A Serious Fraud Office (SFO), now Economic and Organised Crime Office (EOCO), report stumbled upon by yours truly cleared showed how some organisations and individuals conspired in various ways to strip this country naked and milk it dry of precious national resources.
It began in 1996, when the STC was put on divestiture by the Divestiture Implementation Committee (DIC). Bids were received from three companies, namely; Vanef Consortium Limited (VCL), Yellow Cab Limited and Densu Ventures Limited. The bid price was US$12.4 million and a cedi component of c4,984 billion.
VCL won the bid but could not pay within the stipulated time so it lapsed. The divestiture was re-advertised in 1998 and October, 1998, three bids were received from VCL, WMBO (Workers Management Buy Out) and Kalahari Investments. The bid was won again by VCL.
The bid price was US$14.52 million and VCL was to pay as follows: US$2.4m to be paid upon execution of the Sale and Purchase Agreement (SPA); another US$10m payment within eight weeks of finalising due diligence on assets to be taken over to DIC.
A third instalment of US$2.12 was to be paid six months after the second payment.
The SPA was signed on December 1999, thus by January 2000, the payment of US$12.4m was to be effected, leaving a balance of US$2.12m to be effected by June 17, 2000.
VCL managed to get a loan from the Social Security Bank (SSB), which was guaranteed by Social Security and National Insurance Trust (SSNIT) totaling US$14m and c4.98bn based upon a Memorandum of Understanding (MoU) it signed with SSNIT on December 14, 1998, that SSNIT would purchase STC through its debt swap arrangement with Government for VCL which spelt out the responsibilities of SSNIT.
As would be expected, VCL defaulted in the loan repayments even though it operated the full fleet of the transport company and SSNIT had to settle SSB which became SG-SSB. In any case the personalities behind VCL have raked in millions of cedis and dollars in personal gains at the expense of the taxpayer.
What became known as Vanef-STC was actually acquired with moneys from SSNIT with nothing coming from VCL.
The capital and expertise were expected to be injected into the company to make it more viable and profitable before did not come. If anything at all, it made people to reap where they never sowed.
Meanwhile organisations and individuals mentioned by the SFO report, that benefitted illegally in the transactions which imposed extra burden on the Ghanaian taxpayer went scot free, until the company changed hands again with SSNIT owning 80 per cent shares and the government 20 per cent in Intercity-STC.
In 2005, in what could be described as conflict of interest, the then board chairman of Intercity-STC, Mr Stephen Sekyere Abankwa, who was also the Managing Director of Prudential Bank, engineered a loan of US3,783,935 from his bank for the purchase of 45 FAW buses.
The acquisition of the buses was fraught with irregularities as they were not tested and certified to be suitable for our roads and climatic conditions. According to most of the workers of Intercity-STC, none of the buses could last two years, thus creating payment problems.

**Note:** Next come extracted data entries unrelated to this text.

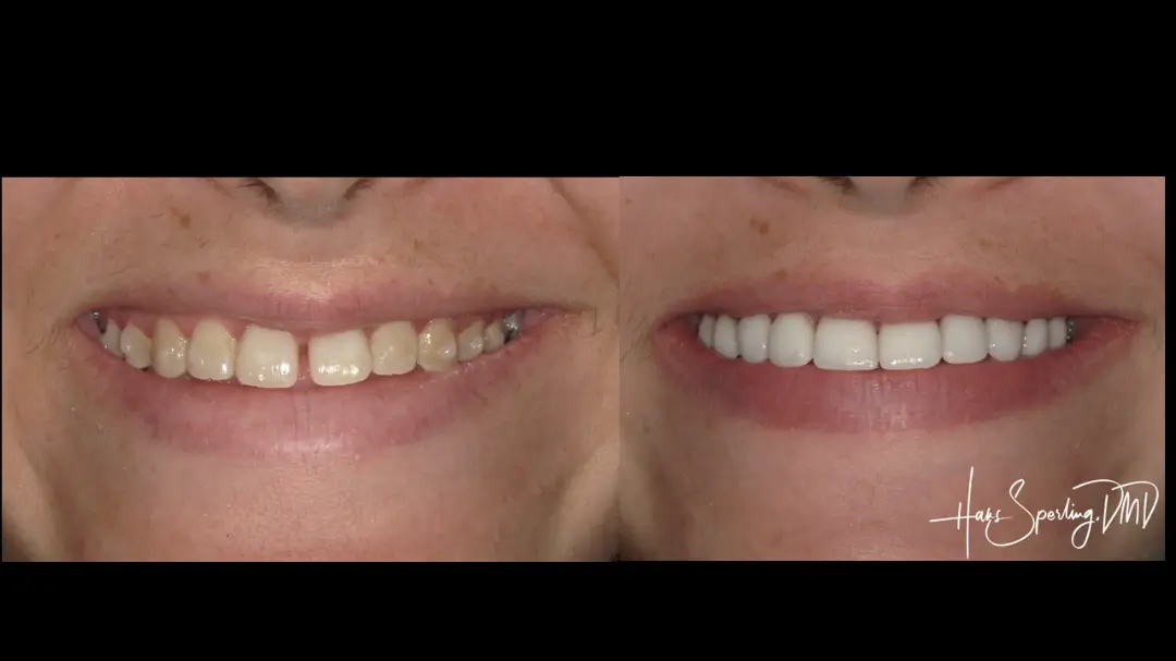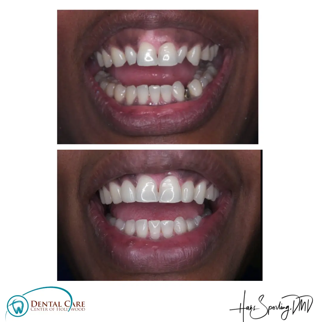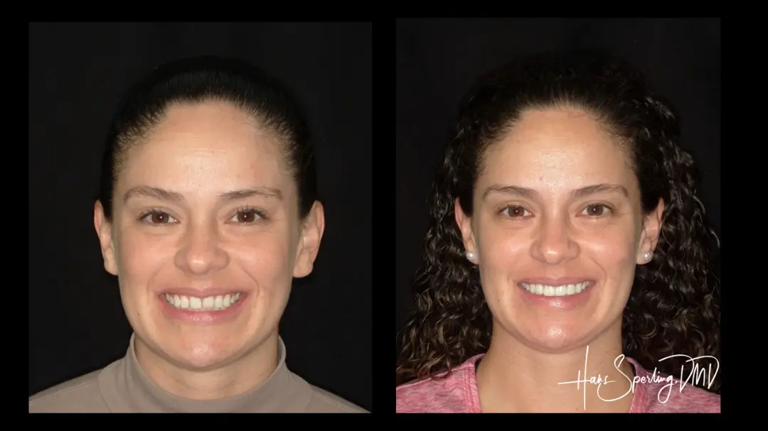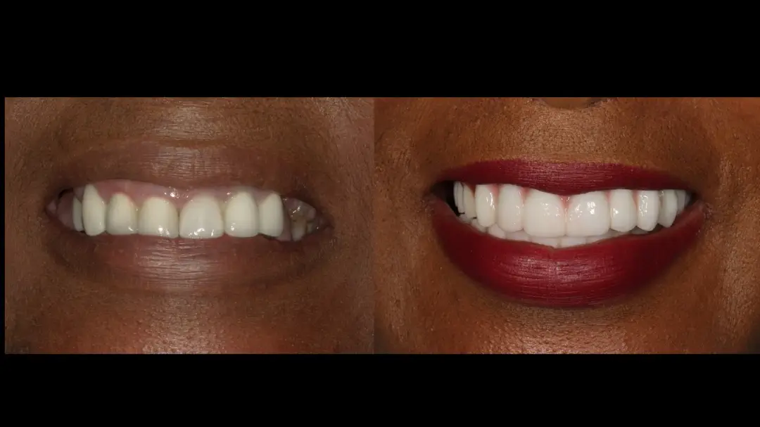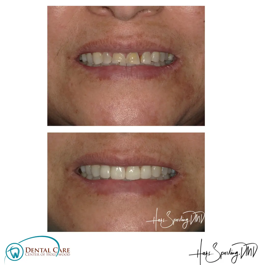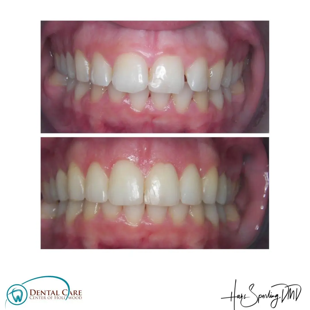 Before: Front (left) Central tooth has a poor restoration. Does not look natural and is not contoured properly to match the gumline of the rest of the teeth.
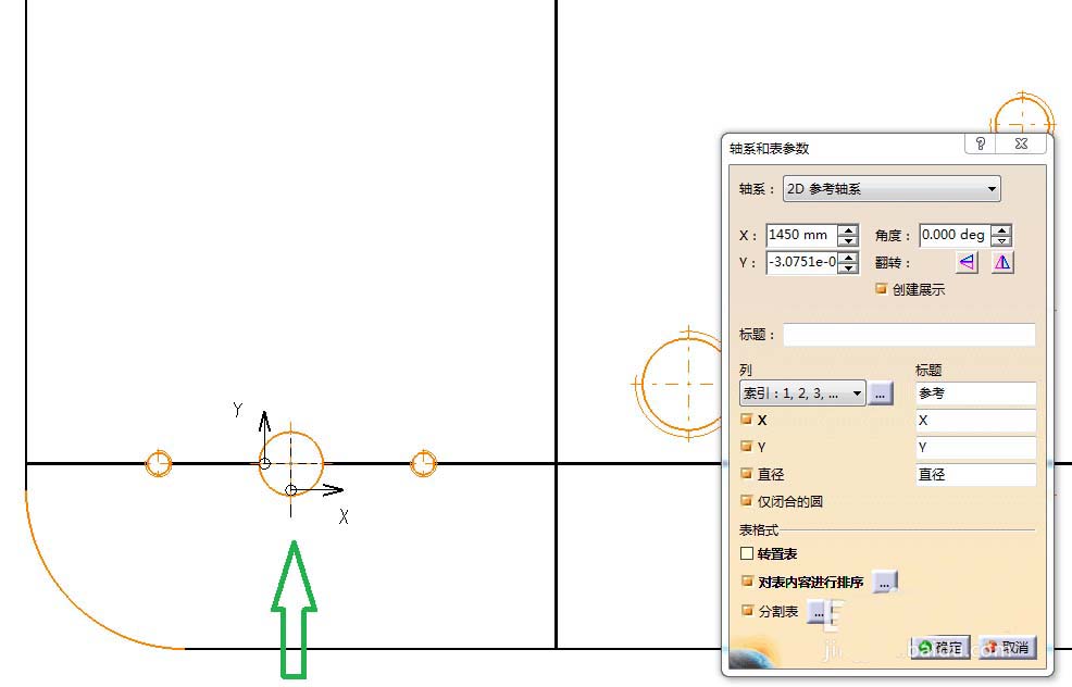 6、选中一个基准孔,选择其轴线作为X轴与Y轴,然后点击“确定”关闭“轴系和表参数”对话框。
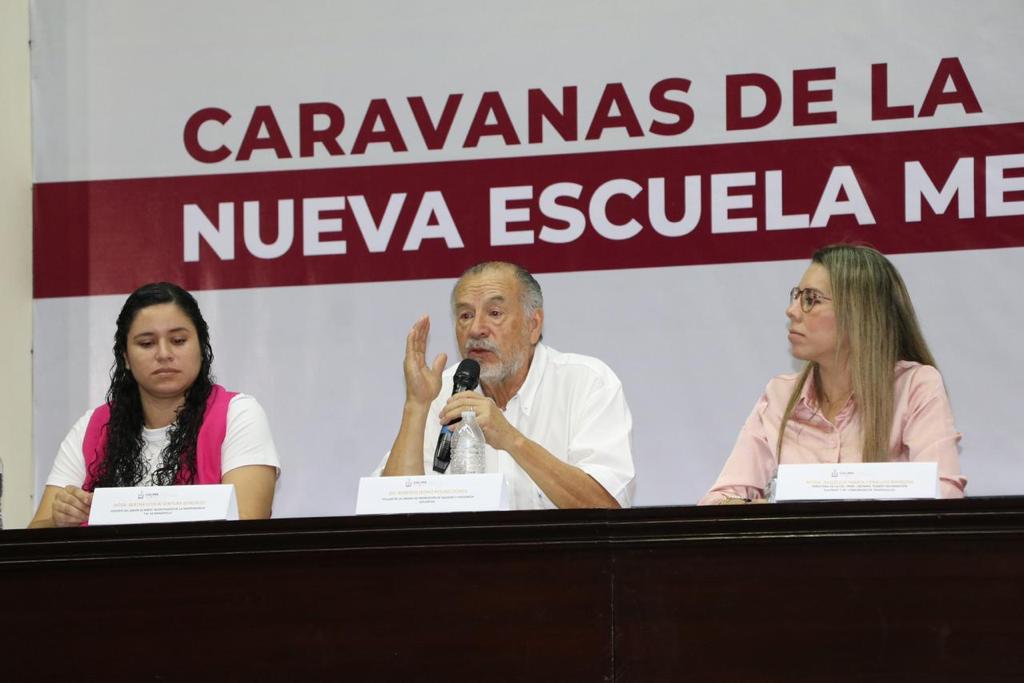 El funcionario sostuvo que el plan de estudios muestra su definición humanista y filosófica en los campos del saber que atenderá, como: lenguaje, saberes y pensamiento científico, ética, naturaleza, sociedad y de lo humano a lo comunitario, un nuevo paradigma que deja atrás el modelo neoliberal; dijo que las actividades de esta caravana permitirán a maestras y maestros fortalecer el conocimiento de diversos enfoques pedagógicos y didácticos, para atender las necesidades de aprendizaje de alumnas y alumnos.

This is the loan that the beleaguered Intercity-STC had defaulted in paying, compelling Mr Abankwa to seek a court order to go in for his pound of flesh from the company he one-time was the board chairman.
As in the case of Vanef-STC, SSNIT, the nation’s number one workers’ pension manager, will have to use workers contributions to pay a debt created by some few unscrupulous people who have made fortunes on the blood and sweat of Ghanaian workers.
The divestiture concept under its current execution has not helped the nation and the workers of those organisations and firms. It has become a big joke, since it would have been better giving out these companies free of charge than using state money to purchase a company and handing it over to a few individuals to rape it and create more debts for the state.